- EXERCISE REQUIREMENTS -
Take the material below and reproduce, word for word, only the lines from the line with "当天,海南自贸港与阿拉伯国家" through the line with "广西等西南一带的路边、公园就".

- DATA -
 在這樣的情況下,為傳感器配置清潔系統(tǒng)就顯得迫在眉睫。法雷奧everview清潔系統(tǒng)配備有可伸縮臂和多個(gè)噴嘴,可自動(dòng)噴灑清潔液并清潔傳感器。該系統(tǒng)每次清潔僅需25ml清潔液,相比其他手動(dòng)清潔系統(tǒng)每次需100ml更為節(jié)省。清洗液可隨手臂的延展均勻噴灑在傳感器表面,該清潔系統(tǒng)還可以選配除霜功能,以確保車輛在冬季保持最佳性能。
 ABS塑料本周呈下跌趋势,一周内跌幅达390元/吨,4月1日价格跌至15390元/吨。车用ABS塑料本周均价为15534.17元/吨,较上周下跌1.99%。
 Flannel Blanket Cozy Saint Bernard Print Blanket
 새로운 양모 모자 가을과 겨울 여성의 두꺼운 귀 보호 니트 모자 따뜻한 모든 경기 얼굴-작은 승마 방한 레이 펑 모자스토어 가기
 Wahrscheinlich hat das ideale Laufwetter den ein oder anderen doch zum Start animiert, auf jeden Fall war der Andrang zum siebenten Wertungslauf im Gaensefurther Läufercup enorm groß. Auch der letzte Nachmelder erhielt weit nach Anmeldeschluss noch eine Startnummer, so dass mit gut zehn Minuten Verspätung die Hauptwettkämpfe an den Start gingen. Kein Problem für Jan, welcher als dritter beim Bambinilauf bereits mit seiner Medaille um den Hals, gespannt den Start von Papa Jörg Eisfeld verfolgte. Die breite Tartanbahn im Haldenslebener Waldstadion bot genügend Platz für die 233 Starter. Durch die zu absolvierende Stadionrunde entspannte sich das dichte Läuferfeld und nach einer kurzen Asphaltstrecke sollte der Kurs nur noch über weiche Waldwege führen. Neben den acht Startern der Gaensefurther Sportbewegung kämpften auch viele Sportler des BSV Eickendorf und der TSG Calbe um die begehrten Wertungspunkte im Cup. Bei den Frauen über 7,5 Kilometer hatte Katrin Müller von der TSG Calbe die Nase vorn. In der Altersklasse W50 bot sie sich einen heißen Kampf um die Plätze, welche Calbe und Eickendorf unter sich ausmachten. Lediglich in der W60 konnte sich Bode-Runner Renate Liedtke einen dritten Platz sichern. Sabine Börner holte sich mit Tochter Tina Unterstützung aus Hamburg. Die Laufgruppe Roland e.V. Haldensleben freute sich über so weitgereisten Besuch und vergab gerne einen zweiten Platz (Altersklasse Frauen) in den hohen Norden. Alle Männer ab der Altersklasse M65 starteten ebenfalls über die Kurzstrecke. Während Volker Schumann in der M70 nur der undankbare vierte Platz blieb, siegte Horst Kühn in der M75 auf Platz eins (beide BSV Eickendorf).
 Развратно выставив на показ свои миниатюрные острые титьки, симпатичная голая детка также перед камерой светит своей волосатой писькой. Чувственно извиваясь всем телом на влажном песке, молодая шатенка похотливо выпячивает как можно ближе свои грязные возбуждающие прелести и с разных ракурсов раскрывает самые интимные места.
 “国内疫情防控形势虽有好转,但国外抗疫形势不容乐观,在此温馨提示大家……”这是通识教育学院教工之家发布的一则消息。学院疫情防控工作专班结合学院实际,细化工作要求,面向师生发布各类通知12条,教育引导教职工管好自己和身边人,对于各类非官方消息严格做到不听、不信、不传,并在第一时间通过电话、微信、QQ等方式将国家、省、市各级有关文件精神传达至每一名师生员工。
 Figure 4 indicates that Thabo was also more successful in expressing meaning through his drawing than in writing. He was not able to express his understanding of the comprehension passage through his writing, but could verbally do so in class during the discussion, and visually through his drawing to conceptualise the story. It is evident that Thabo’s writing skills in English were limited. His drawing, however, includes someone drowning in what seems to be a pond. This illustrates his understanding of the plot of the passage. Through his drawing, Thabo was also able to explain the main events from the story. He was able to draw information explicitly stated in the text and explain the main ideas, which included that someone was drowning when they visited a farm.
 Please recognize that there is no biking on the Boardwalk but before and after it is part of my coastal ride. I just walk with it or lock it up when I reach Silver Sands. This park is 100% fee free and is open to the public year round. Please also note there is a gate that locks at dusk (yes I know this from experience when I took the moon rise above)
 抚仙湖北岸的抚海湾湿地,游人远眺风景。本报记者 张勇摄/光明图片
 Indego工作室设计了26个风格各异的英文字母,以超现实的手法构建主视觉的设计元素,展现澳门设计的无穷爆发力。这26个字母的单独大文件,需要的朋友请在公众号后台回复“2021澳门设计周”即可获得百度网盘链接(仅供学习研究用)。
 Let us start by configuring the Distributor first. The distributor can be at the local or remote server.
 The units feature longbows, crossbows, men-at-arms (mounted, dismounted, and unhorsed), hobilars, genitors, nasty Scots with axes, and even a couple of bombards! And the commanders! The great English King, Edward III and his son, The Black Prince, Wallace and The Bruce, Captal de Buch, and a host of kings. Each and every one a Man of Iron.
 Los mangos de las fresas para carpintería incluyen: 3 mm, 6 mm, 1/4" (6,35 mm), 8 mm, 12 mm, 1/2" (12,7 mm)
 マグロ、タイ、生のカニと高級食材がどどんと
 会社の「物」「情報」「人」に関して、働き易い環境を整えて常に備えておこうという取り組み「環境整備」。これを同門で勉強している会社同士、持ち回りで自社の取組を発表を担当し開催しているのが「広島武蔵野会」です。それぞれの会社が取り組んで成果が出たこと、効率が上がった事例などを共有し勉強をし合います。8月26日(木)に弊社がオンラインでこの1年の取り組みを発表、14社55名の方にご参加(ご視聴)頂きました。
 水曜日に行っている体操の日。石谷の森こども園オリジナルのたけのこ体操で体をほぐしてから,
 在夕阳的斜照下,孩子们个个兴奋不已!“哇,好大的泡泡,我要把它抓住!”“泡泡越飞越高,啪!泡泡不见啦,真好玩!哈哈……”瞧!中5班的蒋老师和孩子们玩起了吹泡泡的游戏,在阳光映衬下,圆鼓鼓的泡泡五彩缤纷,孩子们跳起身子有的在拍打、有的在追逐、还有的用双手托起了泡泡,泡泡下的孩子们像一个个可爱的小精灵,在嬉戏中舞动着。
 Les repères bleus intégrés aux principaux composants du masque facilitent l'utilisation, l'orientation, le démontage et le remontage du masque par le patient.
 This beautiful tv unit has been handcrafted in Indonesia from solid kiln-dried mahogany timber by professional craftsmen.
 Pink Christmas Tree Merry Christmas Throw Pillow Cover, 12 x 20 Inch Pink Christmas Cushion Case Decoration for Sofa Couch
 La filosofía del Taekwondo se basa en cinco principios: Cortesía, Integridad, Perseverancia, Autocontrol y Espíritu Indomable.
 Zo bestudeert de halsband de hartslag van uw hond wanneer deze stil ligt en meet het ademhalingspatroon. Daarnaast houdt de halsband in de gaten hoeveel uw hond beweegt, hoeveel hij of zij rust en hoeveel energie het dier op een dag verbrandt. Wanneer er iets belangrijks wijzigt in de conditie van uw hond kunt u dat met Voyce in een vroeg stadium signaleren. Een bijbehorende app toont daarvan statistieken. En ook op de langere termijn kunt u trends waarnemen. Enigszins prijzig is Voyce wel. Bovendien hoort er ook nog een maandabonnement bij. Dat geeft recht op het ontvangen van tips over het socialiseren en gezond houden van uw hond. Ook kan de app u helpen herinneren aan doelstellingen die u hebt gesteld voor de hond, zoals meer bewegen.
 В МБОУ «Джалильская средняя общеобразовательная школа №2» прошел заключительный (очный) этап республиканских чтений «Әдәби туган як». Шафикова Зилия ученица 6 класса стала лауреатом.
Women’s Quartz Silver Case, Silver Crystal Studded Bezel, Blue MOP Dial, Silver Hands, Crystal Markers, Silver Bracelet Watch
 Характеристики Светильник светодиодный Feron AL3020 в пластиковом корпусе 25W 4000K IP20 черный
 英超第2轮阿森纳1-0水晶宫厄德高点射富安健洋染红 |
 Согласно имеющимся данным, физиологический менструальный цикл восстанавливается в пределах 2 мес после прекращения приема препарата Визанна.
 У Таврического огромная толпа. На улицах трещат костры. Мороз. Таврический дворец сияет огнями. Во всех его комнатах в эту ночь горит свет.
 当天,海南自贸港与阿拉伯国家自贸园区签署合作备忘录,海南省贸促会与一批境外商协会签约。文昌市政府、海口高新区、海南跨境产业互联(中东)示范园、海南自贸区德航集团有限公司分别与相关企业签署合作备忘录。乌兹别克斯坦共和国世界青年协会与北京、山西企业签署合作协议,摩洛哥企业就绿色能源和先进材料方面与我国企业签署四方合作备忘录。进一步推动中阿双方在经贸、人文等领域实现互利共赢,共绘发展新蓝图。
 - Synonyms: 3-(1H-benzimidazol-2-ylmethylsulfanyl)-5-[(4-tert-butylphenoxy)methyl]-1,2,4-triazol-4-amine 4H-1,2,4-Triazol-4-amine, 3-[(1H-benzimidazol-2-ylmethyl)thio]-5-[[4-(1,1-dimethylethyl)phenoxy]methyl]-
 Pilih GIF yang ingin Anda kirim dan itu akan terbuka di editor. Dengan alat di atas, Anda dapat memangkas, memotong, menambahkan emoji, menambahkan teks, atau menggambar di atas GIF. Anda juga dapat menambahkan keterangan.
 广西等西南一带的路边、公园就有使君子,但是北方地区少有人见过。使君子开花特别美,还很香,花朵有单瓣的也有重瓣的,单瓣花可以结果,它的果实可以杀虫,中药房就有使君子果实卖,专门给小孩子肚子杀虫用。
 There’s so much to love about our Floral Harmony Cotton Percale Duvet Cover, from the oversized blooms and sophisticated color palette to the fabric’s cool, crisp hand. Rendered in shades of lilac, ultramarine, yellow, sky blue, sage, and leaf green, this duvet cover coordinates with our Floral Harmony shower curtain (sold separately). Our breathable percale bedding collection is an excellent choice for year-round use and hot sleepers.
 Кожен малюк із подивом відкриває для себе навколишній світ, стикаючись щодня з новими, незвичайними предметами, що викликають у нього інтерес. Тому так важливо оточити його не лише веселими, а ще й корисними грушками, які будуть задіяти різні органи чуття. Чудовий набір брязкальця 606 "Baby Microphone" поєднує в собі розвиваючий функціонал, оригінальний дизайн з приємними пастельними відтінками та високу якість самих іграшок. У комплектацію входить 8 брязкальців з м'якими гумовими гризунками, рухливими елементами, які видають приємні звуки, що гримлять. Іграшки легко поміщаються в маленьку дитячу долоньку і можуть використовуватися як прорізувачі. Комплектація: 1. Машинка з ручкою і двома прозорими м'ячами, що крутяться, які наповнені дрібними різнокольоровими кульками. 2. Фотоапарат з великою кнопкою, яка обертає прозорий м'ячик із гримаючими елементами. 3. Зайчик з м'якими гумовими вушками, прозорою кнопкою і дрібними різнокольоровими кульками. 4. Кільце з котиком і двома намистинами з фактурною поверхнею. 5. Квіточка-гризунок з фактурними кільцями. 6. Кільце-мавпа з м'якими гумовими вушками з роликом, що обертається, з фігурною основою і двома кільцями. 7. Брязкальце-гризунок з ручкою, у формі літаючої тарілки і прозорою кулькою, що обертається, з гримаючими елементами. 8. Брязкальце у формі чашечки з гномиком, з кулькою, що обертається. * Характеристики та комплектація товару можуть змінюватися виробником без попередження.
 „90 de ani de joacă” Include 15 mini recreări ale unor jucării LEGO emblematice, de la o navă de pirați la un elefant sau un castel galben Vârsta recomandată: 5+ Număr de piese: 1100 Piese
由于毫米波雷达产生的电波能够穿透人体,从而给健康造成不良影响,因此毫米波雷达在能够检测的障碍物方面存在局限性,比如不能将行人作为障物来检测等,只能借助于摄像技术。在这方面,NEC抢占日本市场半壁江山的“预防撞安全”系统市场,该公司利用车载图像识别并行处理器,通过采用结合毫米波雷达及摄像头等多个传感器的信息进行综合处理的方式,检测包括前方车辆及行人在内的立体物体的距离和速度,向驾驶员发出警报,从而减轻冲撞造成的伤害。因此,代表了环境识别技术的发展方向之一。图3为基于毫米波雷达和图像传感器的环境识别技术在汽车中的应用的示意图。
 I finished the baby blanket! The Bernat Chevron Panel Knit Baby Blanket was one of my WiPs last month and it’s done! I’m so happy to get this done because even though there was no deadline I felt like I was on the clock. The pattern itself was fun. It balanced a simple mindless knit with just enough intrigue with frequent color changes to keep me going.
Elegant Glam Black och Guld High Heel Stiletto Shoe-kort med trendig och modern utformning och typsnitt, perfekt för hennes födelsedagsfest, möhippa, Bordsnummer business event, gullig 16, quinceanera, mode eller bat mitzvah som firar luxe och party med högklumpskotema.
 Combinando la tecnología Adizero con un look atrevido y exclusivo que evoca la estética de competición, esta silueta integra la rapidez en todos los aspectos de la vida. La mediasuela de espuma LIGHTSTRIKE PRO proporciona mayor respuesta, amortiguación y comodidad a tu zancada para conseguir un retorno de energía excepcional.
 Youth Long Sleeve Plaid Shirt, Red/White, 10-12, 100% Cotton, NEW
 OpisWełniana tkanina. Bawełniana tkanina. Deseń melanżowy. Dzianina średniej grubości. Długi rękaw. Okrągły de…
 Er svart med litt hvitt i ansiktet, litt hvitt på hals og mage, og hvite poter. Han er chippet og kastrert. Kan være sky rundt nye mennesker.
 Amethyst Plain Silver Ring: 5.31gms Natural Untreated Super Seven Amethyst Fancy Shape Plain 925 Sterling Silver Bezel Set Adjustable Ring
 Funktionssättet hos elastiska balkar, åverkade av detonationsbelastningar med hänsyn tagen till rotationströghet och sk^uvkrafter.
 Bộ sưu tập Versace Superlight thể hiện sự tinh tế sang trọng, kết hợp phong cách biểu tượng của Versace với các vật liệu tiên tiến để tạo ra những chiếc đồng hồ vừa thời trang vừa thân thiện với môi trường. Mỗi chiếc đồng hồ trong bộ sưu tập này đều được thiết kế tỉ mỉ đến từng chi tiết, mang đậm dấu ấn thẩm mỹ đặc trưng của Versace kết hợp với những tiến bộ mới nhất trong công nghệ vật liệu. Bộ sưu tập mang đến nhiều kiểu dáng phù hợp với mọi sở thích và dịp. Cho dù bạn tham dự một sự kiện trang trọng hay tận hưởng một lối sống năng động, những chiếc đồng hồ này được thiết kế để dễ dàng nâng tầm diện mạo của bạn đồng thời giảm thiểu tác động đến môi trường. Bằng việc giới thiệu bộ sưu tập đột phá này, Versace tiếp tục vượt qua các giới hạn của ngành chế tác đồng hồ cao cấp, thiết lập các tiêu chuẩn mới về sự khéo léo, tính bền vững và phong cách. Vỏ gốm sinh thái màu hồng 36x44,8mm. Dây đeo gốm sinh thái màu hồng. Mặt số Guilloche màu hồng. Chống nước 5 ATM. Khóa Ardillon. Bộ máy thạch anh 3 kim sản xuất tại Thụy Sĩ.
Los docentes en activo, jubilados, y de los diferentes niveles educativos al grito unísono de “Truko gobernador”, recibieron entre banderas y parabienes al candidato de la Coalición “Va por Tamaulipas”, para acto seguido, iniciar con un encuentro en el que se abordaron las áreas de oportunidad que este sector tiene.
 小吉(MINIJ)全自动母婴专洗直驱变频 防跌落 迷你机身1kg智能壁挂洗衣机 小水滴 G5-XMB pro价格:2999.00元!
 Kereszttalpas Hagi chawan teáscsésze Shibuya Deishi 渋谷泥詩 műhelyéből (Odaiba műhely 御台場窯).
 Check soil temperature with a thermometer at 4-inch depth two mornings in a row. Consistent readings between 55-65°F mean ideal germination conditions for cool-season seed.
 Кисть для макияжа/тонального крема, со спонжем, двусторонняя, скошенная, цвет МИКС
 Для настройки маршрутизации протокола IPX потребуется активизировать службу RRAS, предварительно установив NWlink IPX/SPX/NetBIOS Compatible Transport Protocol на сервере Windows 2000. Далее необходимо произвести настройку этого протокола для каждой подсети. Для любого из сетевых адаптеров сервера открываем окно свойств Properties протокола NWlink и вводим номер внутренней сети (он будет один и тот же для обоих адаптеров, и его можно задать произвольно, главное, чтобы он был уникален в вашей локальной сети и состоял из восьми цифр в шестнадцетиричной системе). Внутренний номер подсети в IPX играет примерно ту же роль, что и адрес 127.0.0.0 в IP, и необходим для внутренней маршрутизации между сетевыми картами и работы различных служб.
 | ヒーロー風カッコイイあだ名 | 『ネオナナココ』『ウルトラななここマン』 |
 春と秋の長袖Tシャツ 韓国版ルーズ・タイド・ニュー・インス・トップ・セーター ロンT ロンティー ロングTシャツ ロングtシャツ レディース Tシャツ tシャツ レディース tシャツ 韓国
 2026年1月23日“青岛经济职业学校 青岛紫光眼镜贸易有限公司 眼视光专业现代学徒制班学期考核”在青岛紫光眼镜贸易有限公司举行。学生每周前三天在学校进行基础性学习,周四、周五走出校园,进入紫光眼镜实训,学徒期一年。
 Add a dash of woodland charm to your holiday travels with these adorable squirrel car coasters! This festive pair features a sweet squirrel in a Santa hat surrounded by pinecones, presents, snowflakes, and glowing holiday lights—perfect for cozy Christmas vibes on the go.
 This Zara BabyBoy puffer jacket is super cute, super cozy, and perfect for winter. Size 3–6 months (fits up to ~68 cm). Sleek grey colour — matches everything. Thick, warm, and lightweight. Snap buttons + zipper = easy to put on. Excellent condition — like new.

- TASK RESULT -
 当天,海南自贸港与阿拉伯国家自贸园区签署合作备忘录,海南省贸促会与一批境外商协会签约。文昌市政府、海口高新区、海南跨境产业互联(中东)示范园、海南自贸区德航集团有限公司分别与相关企业签署合作备忘录。乌兹别克斯坦共和国世界青年协会与北京、山西企业签署合作协议,摩洛哥企业就绿色能源和先进材料方面与我国企业签署四方合作备忘录。进一步推动中阿双方在经贸、人文等领域实现互利共赢,共绘发展新蓝图。
 - Synonyms: 3-(1H-benzimidazol-2-ylmethylsulfanyl)-5-[(4-tert-butylphenoxy)methyl]-1,2,4-triazol-4-amine 4H-1,2,4-Triazol-4-amine, 3-[(1H-benzimidazol-2-ylmethyl)thio]-5-[[4-(1,1-dimethylethyl)phenoxy]methyl]-
 Pilih GIF yang ingin Anda kirim dan itu akan terbuka di editor. Dengan alat di atas, Anda dapat memangkas, memotong, menambahkan emoji, menambahkan teks, atau menggambar di atas GIF. Anda juga dapat menambahkan keterangan.
 广西等西南一带的路边、公园就有使君子,但是北方地区少有人见过。使君子开花特别美,还很香,花朵有单瓣的也有重瓣的,单瓣花可以结果,它的果实可以杀虫,中药房就有使君子果实卖,专门给小孩子肚子杀虫用。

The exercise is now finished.